Synthia scrunched up her face in confusion. "Huh?"

"Moriah called her tonight. Monterrius cooked some noodles and burnt the pot. She wasn't going to answer the phone, though, even with Moriah calling back-to-back. I got in her shit. Yolanda heard a mouthful from me too, but she wasn't there when none of that shit happened. Yolanda didn't pull up until later on. You were the best thing that ever happened to your little cousins—more like a big sister than anything else. You think I want to be 'round that type of bitch? She wouldn't save her sisters and brothers from a burning building if it meant she had to. That's a selfish ass bitch, and I don't feel sorry for what we're doing, so you shouldn't either."

"A fire, and you're just now saying something?" she shrieked, her eyes widening. She yanked her wrist—forgetting again that the cuffs were off—and took a step back. "Romelo, what the fuck!"

"Chill out. I told you they're safe. They're at my house."

"I wouldn't trust that she's watching them, though. Even with her being there, they're responsible for themselves." She sighed, the weight of worry settling on her shoulders.

She was getting herself all worked up over nothing. I could tell. Her breathing quickened, and her hands started trembling.

"We'll figure something out," I said, stepping closer and placing my hands on her shoulders. Grounding her.

"I've always been their primary caregiver—helping them with homework and everything else. Yolanda and Trecee are just unfit placeholders. I wouldn't blink for two seconds with them around and trust that they'd care for them. They're good kids, you know." Her voice cracked. "When Yolanda put me out, it hurt them the most.
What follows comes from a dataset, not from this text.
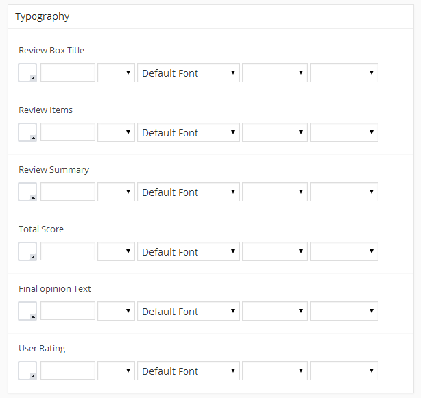 From Typography Tab you can chnage all fonts , size , weight and colors for the review box elements .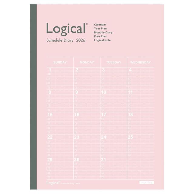 【メール便発送】ナカバヤシ 手帳 2026年 ロジカルダイアリー 月間ノートタイプA B5 ピンク NS-B502-26AP

They were losing something too, and all my auntie cared about was losing funds that she wasn't puttingtoward her household or on me anyway. I cried for days after that—not because of the circumstances she put me in, but because I knew the outcome. My cousins would get mistreated. There wouldn't be any home-cooked meals anymore, clean clothes for the school week, or making sure they'd get their homework done right. Yolanda would chase men all the time and bring them over. Trecee wanted out, and we'd talk about it all the time. That girl used to be my best friend. I could vent to her about anything, but when she met you, all of that changed. I hated you for that because you played a part in it. I told myself, if a man changes you and has you imitating something or someone else, then he's no good for you."

Her words hung in the air between us—heavy, honest, raw.

"You got that shit all wrong," I said quietly.

"I know that now." She nodded, her eyes glistening with unshed tears.

We stood there for a moment, the night wrapping around us like a blanket. The compound was silent except for the sound of crickets and the distant hum of Roxx's generator.